According to the IMMI, it would cost $7,000-$9,000 to put lap-shoulder belts in one bus.  The Indiana Department of Education said the cost could reach $15,000 per bus depending on the school district.

Some schools say they don't have the money.

"It doesn't matter the price.  It doesn't matter the cost.  Their lives are more precious than the money it costs to equip these buses with seatbelts," said Smith.

So, what good can come out of a tragedy?  For the Smith family it is remembering their little girl by looking through her pictures, toys, and schoolwork. 

"I called her doodle-bug because when she was little she'd doodle everything, a crayon, a pencil, a pen.  She'd decorate the house.  Drawing whatever it was.  As time went by, I called her stinky. And then she'd just wink, so I said stinky-winky.  So, she's stinky winky to me.  And she's doodle bug to everyone else," said Smith.  "She was very goofy.  Very silly.  Very active.  Very outspoken.  She had a big voice for her little body.  She was everything.  Very caring and nurturing.  If she saw you were sad, she'd come up and pat you on the back and say 'it's ok.  It's gonna be ok mommy.'"

Danyelle Smith is determined to do everything she can to make sure another crash does not happen again.

"Protect the babies.  Give them a chance at survival.   Save the babies," said Smith.

The family ended Donasty's birthday remembrance at the Indianapolis cemetery where the young girl is buried.  Linda Znachko, who created the "He Knows Your Name" ministry http://www.heknowsyourname.typepad.com/, helped create a headstone for the family who could not afford it and provided comfort for family and friends at the cemetery.

"These tragedies are so painful and yet joy comes in the morning," said Znachko.  "The Lord promises to redeem the broken hearts that we have. I'm just really thankful to be with you today to celebrate Donasty's birthday.  What a special time to come and honor her.  It was a joyful day when she was born.  We don't want to forget that.  We want to honor her life because life matters.  And even though she lost her life way too early and was so painful.  We can still celebrate her life," said Znachko.

"She left us a legacy in her five short years of life.  It's a challenge for all of us to say 'what's our life going to stand for?  If someone wrote a description of what our name meant, what would it say?  Whatever you want it to say, make your life mean that.  Stand for that.  I think that's a real encouragement from a sweet little person," said Znachko.

Znachko then closed the service with this prayer. 

"Lord, in whom we trust, we freely acknowledge that we are often tempted to question your ways and wonder why you allow difficult things to happen.  Not only in our life, but the lives of people we love.  But we must admit, that we simply don't have the knowledge or perspective that we need to understand your purposes in the life of Donasty.  So dear Lord, nothing can defeat your gracious and redemptive purposes.  Thank you that we have hope that you will comfort Danyelle and her family as they learn to live without their precious angel, Donasty.  Help them as they try to see this tragedy from a broader perspective of the Bible and make it clear that all of their pain will contribute to a far greater good that will continue into eternity.  May we all who love Donasty  never lose hope in you and your works.  In Jesus name, Amen."

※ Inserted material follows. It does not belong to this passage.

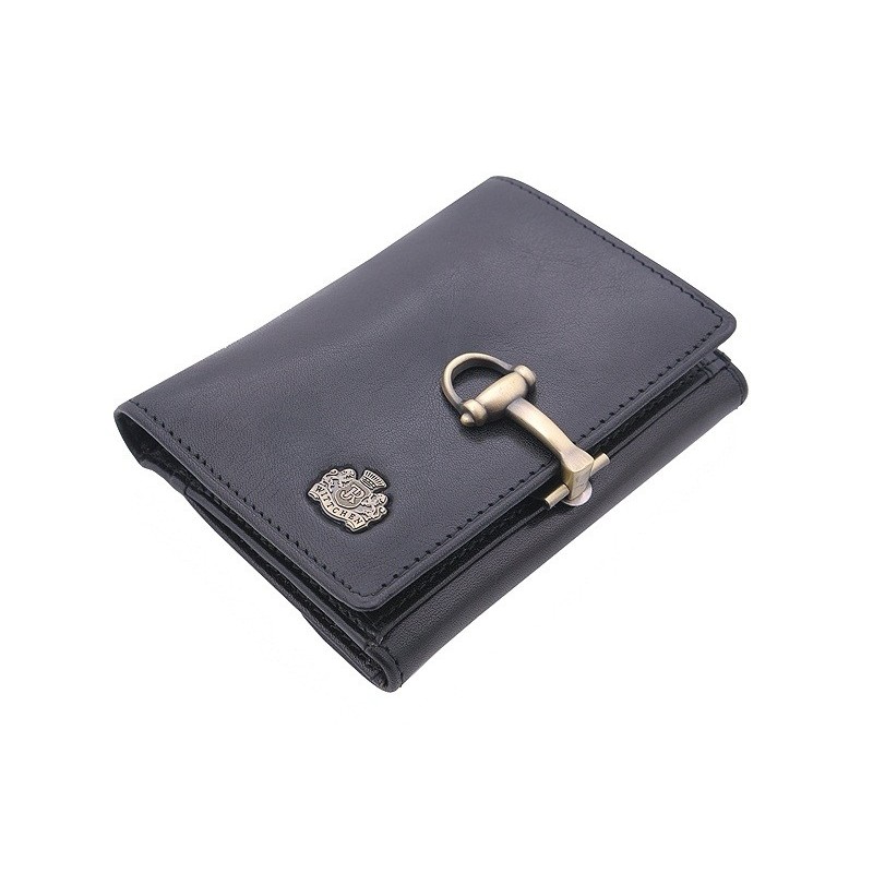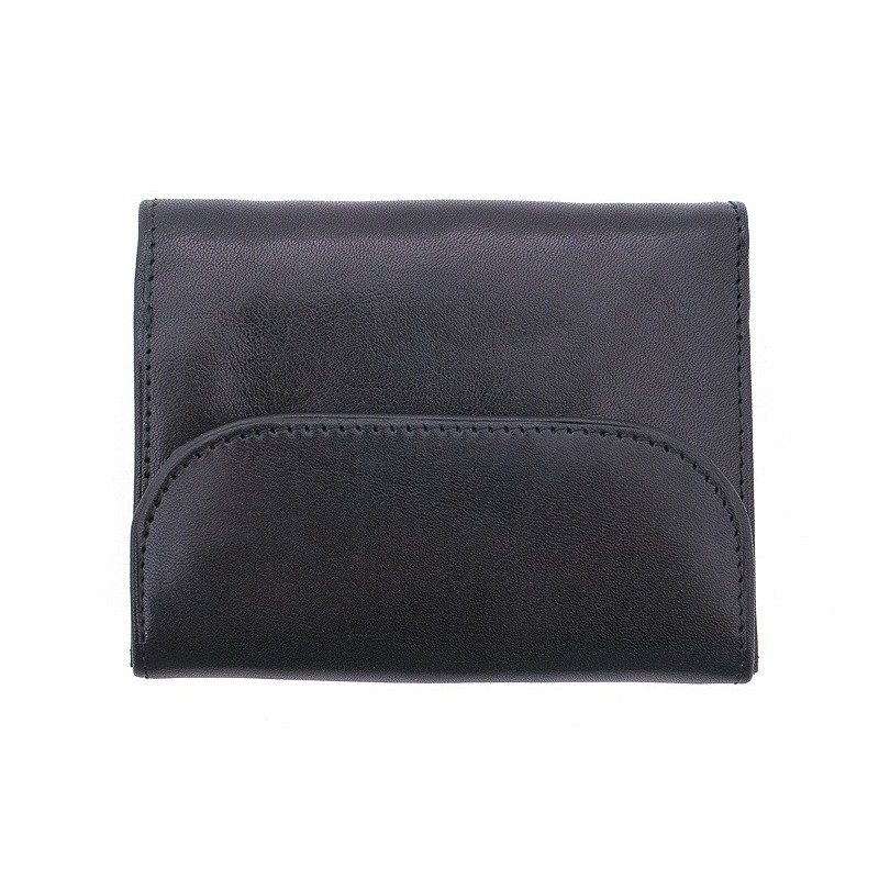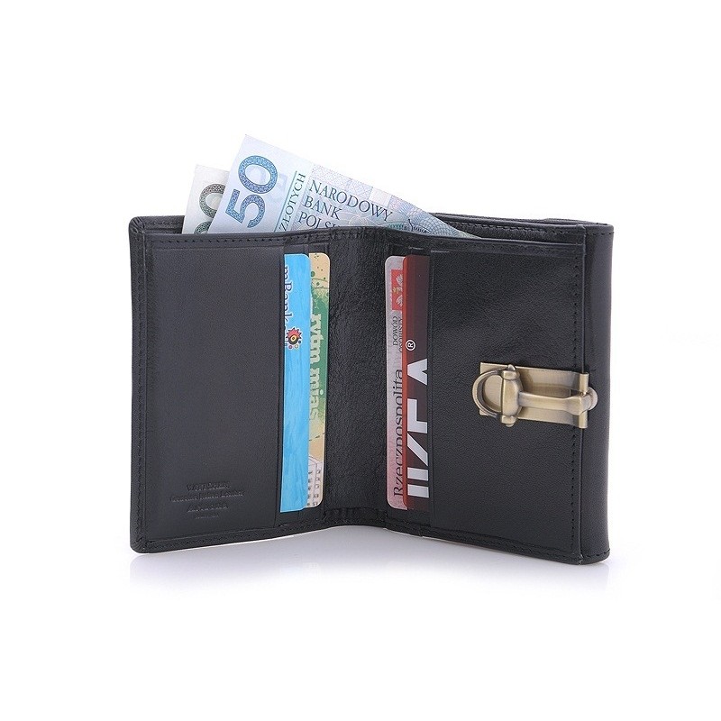 Czarny nieduży portfel damski marki Wittchen. Posiada kieszeń na banknoty, miejsce na 6 kart kredytowych, oddzielną kieszeń na bilon, 1 dodatkową kieszeń.
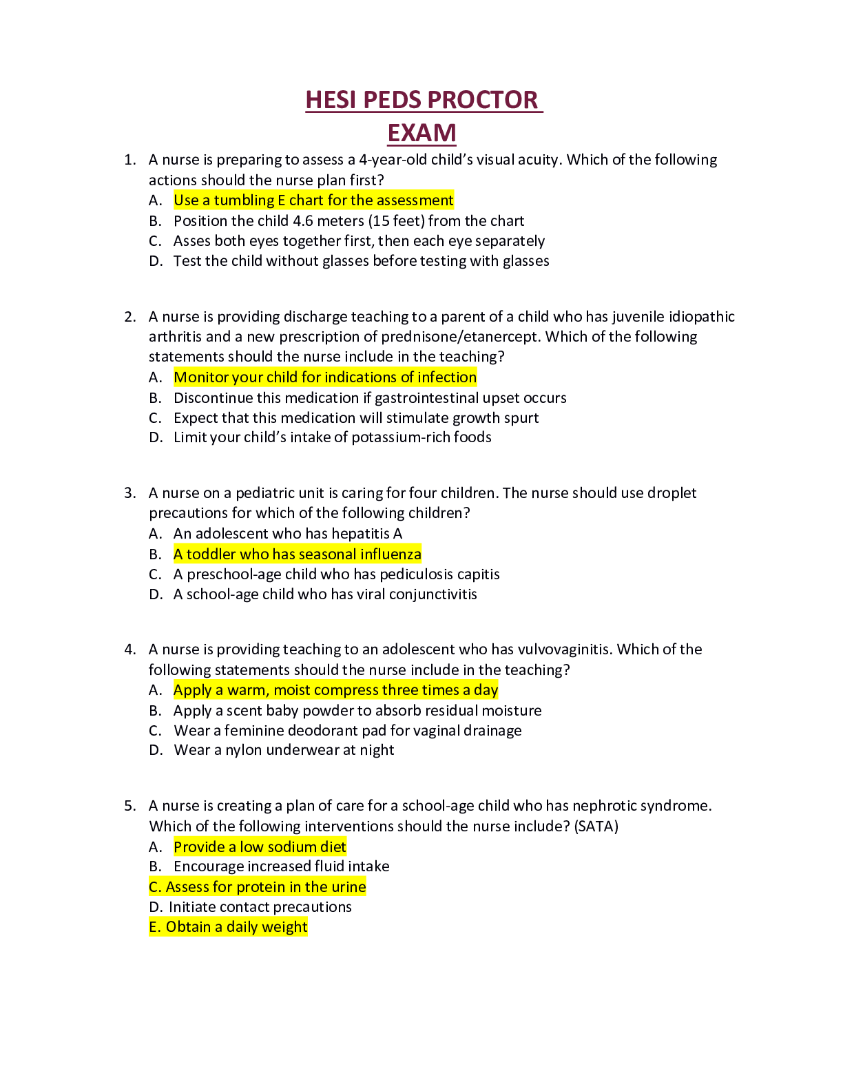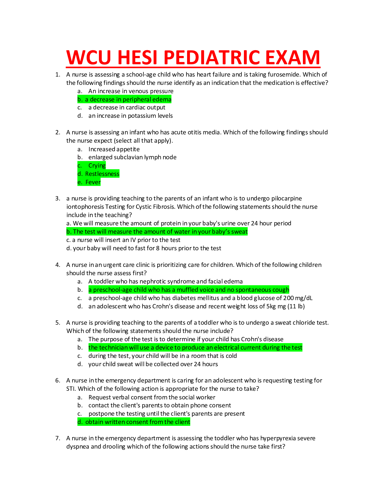 *NURSING > HESI > WCU HESI PEDS PROCTOR EXAM (2021/2022) SOLUTIONS COMPLETE GUIDE WITH 150 CORRECT QUESTIONS AND ANSWERS.

The family wrote memories of Donasty on balloons and released them into the air.

Eyewitness News Reporter Jennie Runevitch reported earlier this year that least two Indiana lawmakers, including Sen. Jean Breaux and Rep. John Bartlett, say they plan to propose "Donasty's Law" next session.

In addition, Indiana State Senator Earline Rogers, Democrat from District 3 which includes Gary, who proposed a bill in 2011 requiring drivers to instruct passengers how to use safety belts, told Channel 13 that she would be willing to consider supporting "Donasty's Law."